(Records from a data source)
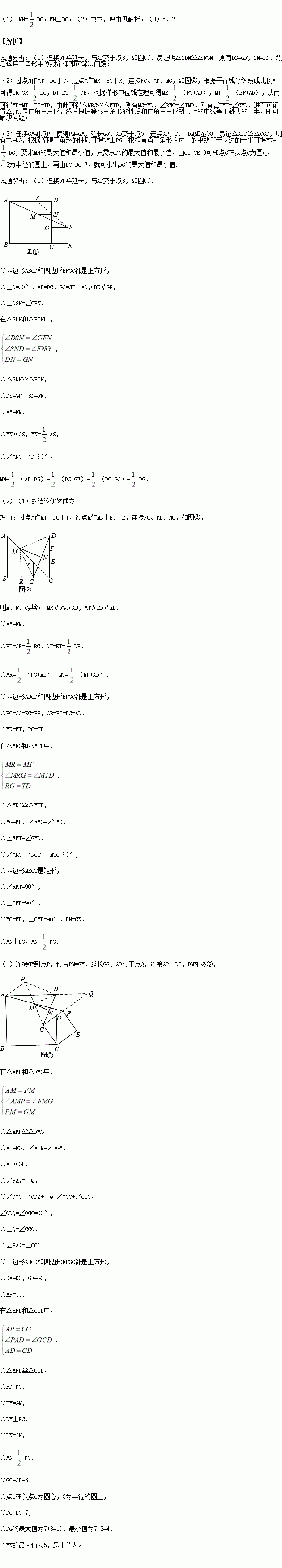 £¨3£©ÒÑÖªBC=7£¬CE=3£¬½«Í¼¢ÙÖеÄÕý·½ÐÎCEFGÈÆµãCÐýתһÖÜ£¬ÆäËûÌõ¼þ²»±ä£¬Ö±½Óд³öMNµÄ×î´óÖµºÍ×îСֵ£®
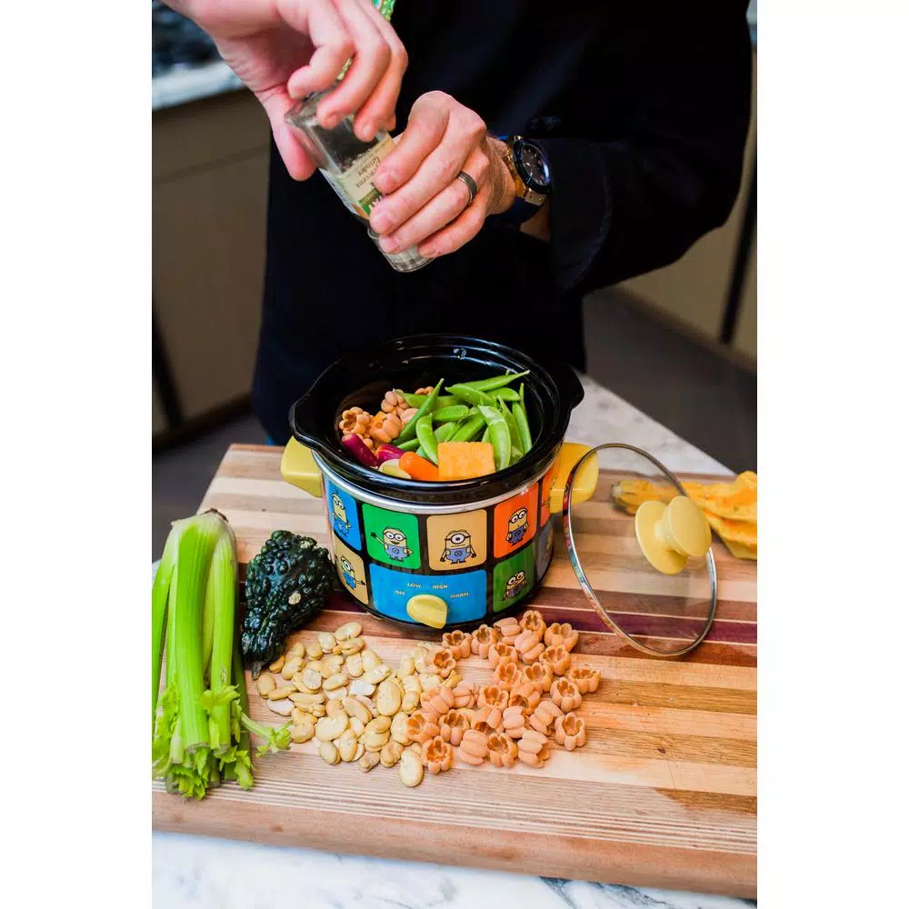 As cute and compact as a Minion, this handy 2-quart slow cooker fits on any counter top. Throw in ingredients for soups, stews, or casseroles in the morning and have a great meal waiting for you in the evening. The tempered glass lid makes for easy monitoring and the removable stoneware insert serves as a serving bowl. Easy to clean, easy to store, theres nothing despicable about this slow cooker!
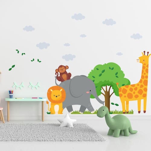 Adesivo De Parede Decorativo Infantil Safari na Savana MEDIDAS -Kit 1 folha de 60 cm x 127 cm com itens relacionados a Safari: 1 Girafa de 37x61 cm 1 Macaco de 10x11 cm 1 Elefante de 40x34 cm 1 Leão de 16x24 cm 1 Árvore de 44x50 cm 1 grama de 04x60 cm 11 nuvens, 4 de 3x5 cm, 3 de 5x9 cm, 2 de 4x8 cm e 2 de 1,5x3 cm 14 folhagens diferentes, 5 de 1,7x6 cm, 7 de 2x4 cm e 2 de 2,5x11 cm. MATERIAL -adesivo vinílico fosco não tóxico TIPO DE IMPRESSÃO - Impressão em alta resolução livre de imperfeições. OBSERVAÇÕES Podem ser colocados no quarto das crianças, na sala de estudos, no escritório, na geladeira, na sala de brinquedos, no box do banheiro ou em muitos outros lugares. A aplicação é muito simples, é só tirar o adesivo e colar como quiser. Os Adesivos já seguem com os recortes para agilizar e facilitar sua instalação, cortes feitos com alta precisão no momento da impressão para garantir a melhor qualidade. Podem ser aplicados em paredes lisas, com tinta acetinada, latex e acrílica, móveis, espelhos, portas, box de banheiro, livres de poeira ou pó de gesso. Não aplicar sobre tinta fresca, tinta magnética, superfícies irregulares ou texturizadas, locais com infiltrações. * Imagem ambiente ilustrativa PRODUTO NÃO TOXICO
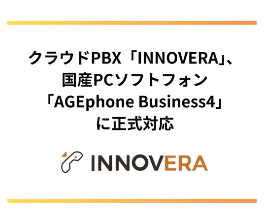 電話のDXを推進する株式会社プロディライト(大阪市中央区:代表取締役社長 小南 秀光、証券コード:5580、以下プロディライト)は2024年9月24日、株式会社ageet(京都府向日市:代表取締役社長 岡崎 昌人、以下ageet)が提供するPCソフトフォン「AGEphone Business4」にクラウドPBX「INNOVERA」が対応したことをお知らせします。
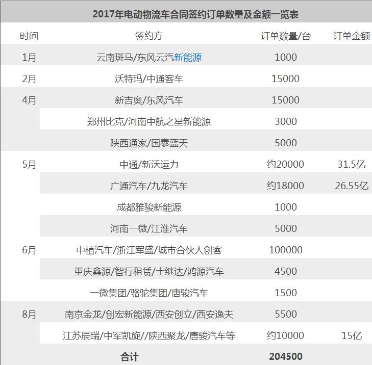 第一電動(dòng)網(wǎng)曾發(fā)文報(bào)道今年電動(dòng)物流車大訂單頻現(xiàn)的情況,根據(jù)該報(bào)道和7月29日杭州新能源汽車運(yùn)營產(chǎn)業(yè)聯(lián)盟上的簽約報(bào)道,可以粗略整理統(tǒng)計(jì)下今年的電動(dòng)物流車訂單數(shù)量,如下表:
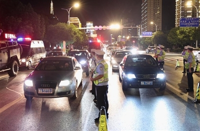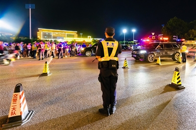 警灯闪烁、警笛呼啸,一辆辆警车结队在全城贯穿而过,串联起仲夏夜的香城“夜警”。
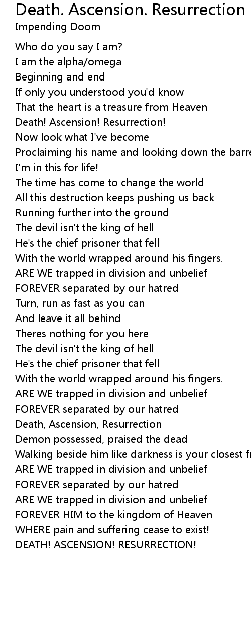 Death! Ascension! Resurrection! |
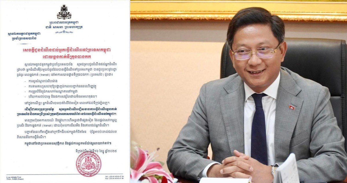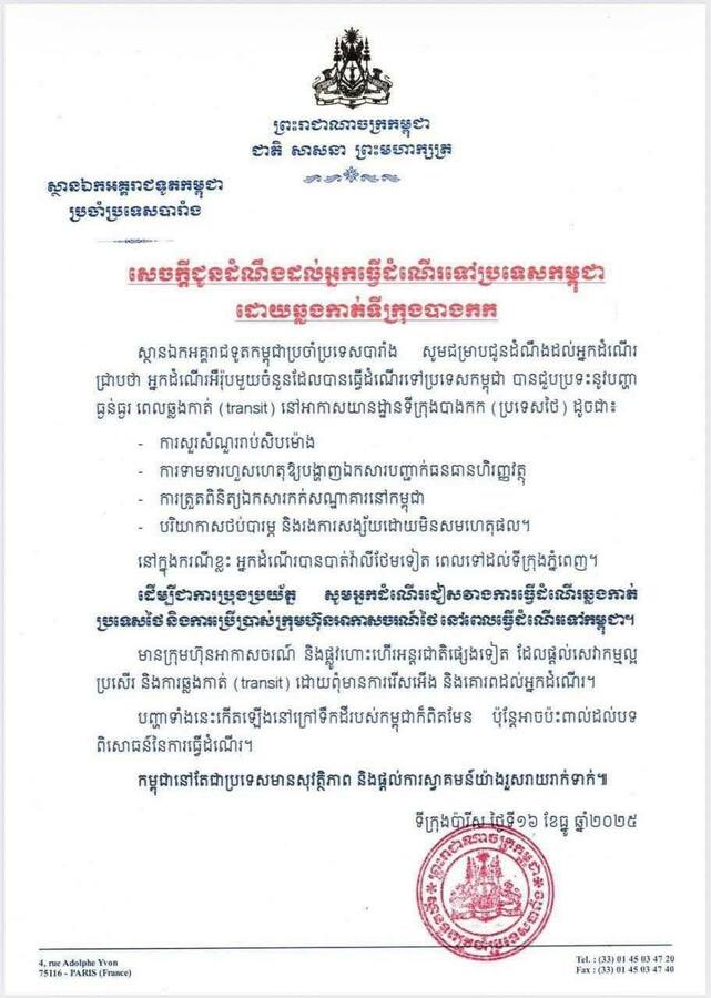 យោងតាមសេចក្តីជូនដំណឹងរបស់ ស្ថានឯកអគ្គរាជទូតកម្ពុជាប្រចាំប្រទេសបារាំង ដល់អ្នកធ្វើដំណើរទៅប្រទេសកម្ពុជា ដោយឆ្លងកាត់ទីក្រុងបាងកកកាលពីថ្ងៃទី១៦ ធ្នូ ឆ្នាំ២០២៥បានលើកឡើងថា ស្ថានឯកអគ្គរាជទូតកម្ពុជាប្រចាំប្រទេសបារាំង សូមជម្រាបជូនដំណឹងដល់អ្នកដំណើរ ជ្រាបថា អ្នកដំណើរអឺរ៉ុបមួយចំនួនដែលបានធ្វើដំណើរទៅប្រទេសកម្ពុជា បានជួបប្រទះនូវបញ្ហា ធ្ងន់ធ្ងរ ពេលឆ្លងកាត់ (transit) នៅអាកាសយានដ្ឋានទីក្រុងបាងកក (ប្រទេសថៃ) ដូចជា៖
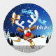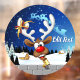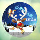 A Funny cartoon reindeer with a bright red nose and large white antlers, adorned with a red and gold bow, peeks through an open window. Outside, a snowy landscape with silhouetted pine trees and a small, glowing house is visible under a dark blue, star-filled night sky. Santa's sleigh pulled by reindeer is flying in the distance. The scene evokes a festive and whimsical Christmas atmosphere. Original Vector Art Copyright BluedarkArt TheChameleonArt.
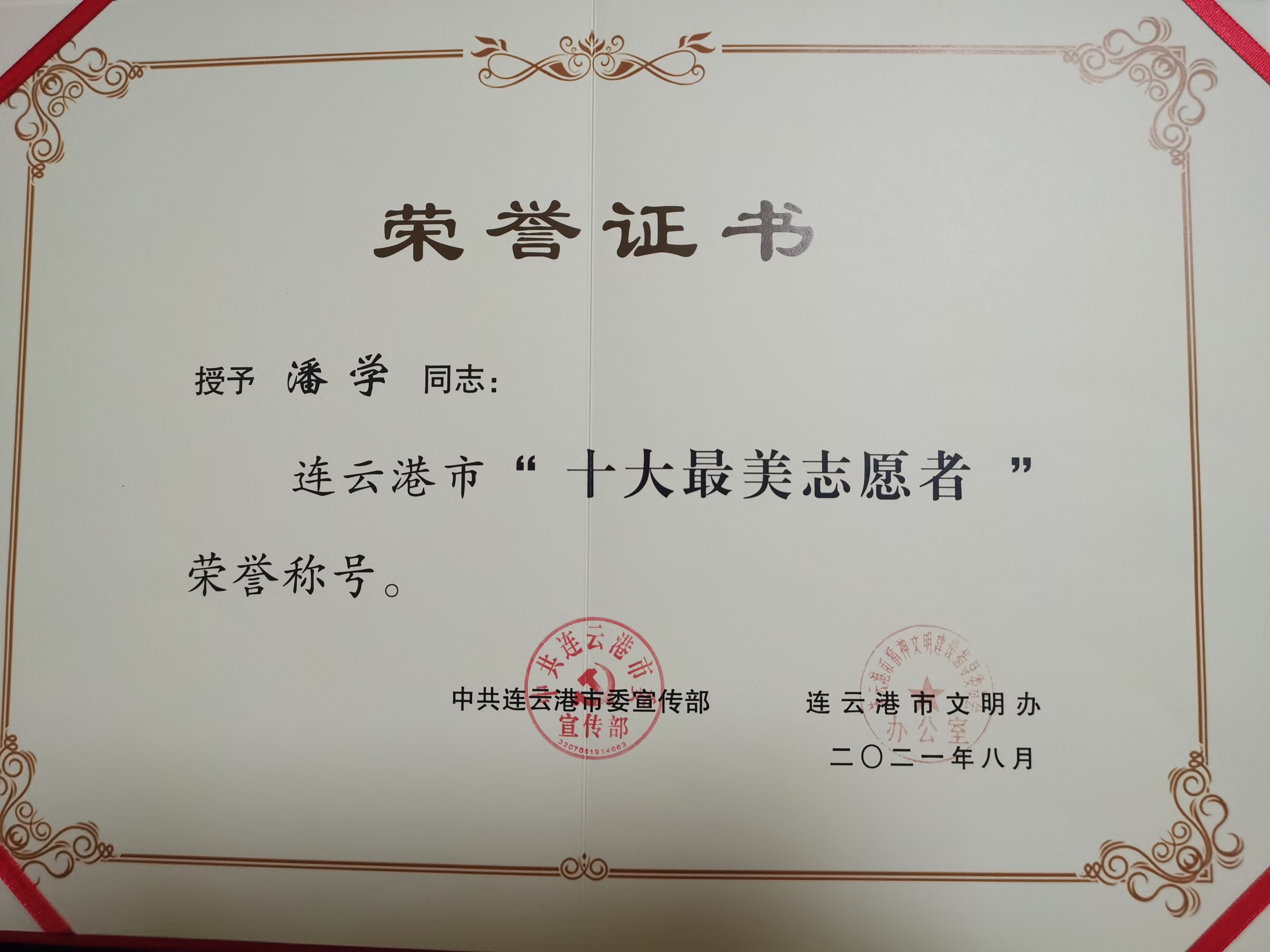 市委宣傳部、市文明辦組織開展的連云港市“十大最美志愿者”推選評(píng)比活動(dòng)中,經(jīng)過組織發(fā)動(dòng)、推薦上報(bào)、材料初審、征求相關(guān)部門意見、專家評(píng)審、網(wǎng)絡(luò)投票等環(huán)節(jié),連汽站務(wù)事業(yè)部潘學(xué)同志榮獲“十大最美志愿者”榮譽(yù)稱號(hào)。
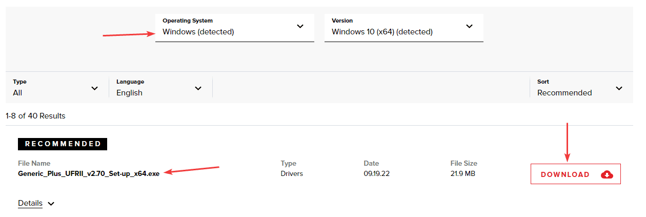 2. Make sure the correct OS is selected and then find and download the “Generic_Plus_UFRII…” driver.
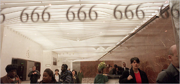 In the blockbuster Hollywood movie starring Arnold Schwarzenegger, TOTAL RECALL, there's a scene halfway through the movie showing an elevator on Mars with a big red flashing number. It flashes visually 3 times, the number... 6... 6... 6. Such numbers are cleverly hidden into dozens upon dozens of Hollywood movies.
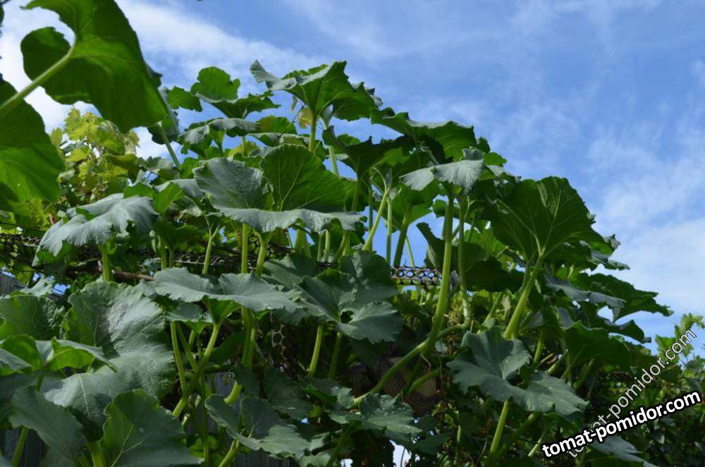 Листья тыквы с толстым стеблем, растение плетётся на шпалере на высоте более 2 метров.
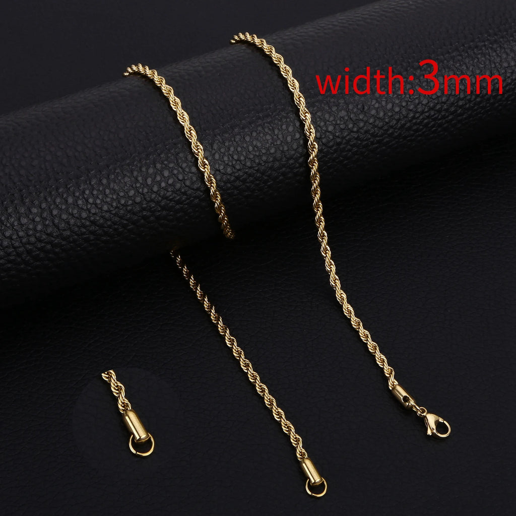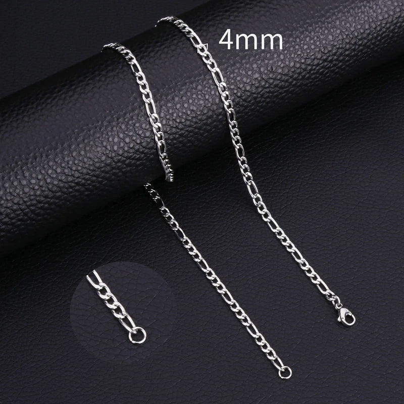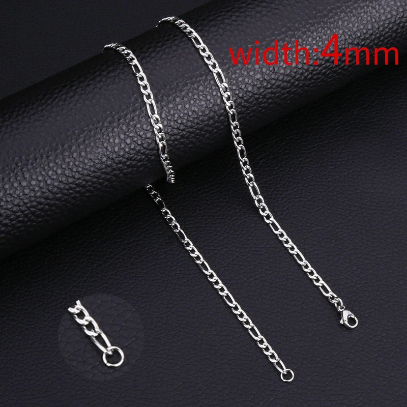 Classic Rope Chain Necklace for Men & Women, 2/3/4/5mm Stainless Steel Figaro Cuban Link Jewelry

◆ WHAT TO PRODUCE ◆
All that is needed is an exact copy of the lines from the top of the entries through the line containing "As cute and", pictures left out.

◆ TASK ANSWER ◆
 £¨3£©ÒÑÖªBC=7£¬CE=3£¬½«Í¼¢ÙÖеÄÕý·½ÐÎCEFGÈÆµãCÐýתһÖÜ£¬ÆäËûÌõ¼þ²»±ä£¬Ö±½Óд³öMNµÄ×î´óÖµºÍ×îСֵ£®
 As cute and compact as a Minion, this handy 2-quart slow cooker fits on any counter top. Throw in ingredients for soups, stews, or casseroles in the morning and have a great meal waiting for you in the evening. The tempered glass lid makes for easy monitoring and the removable stoneware insert serves as a serving bowl. Easy to clean, easy to store, theres nothing despicable about this slow cooker!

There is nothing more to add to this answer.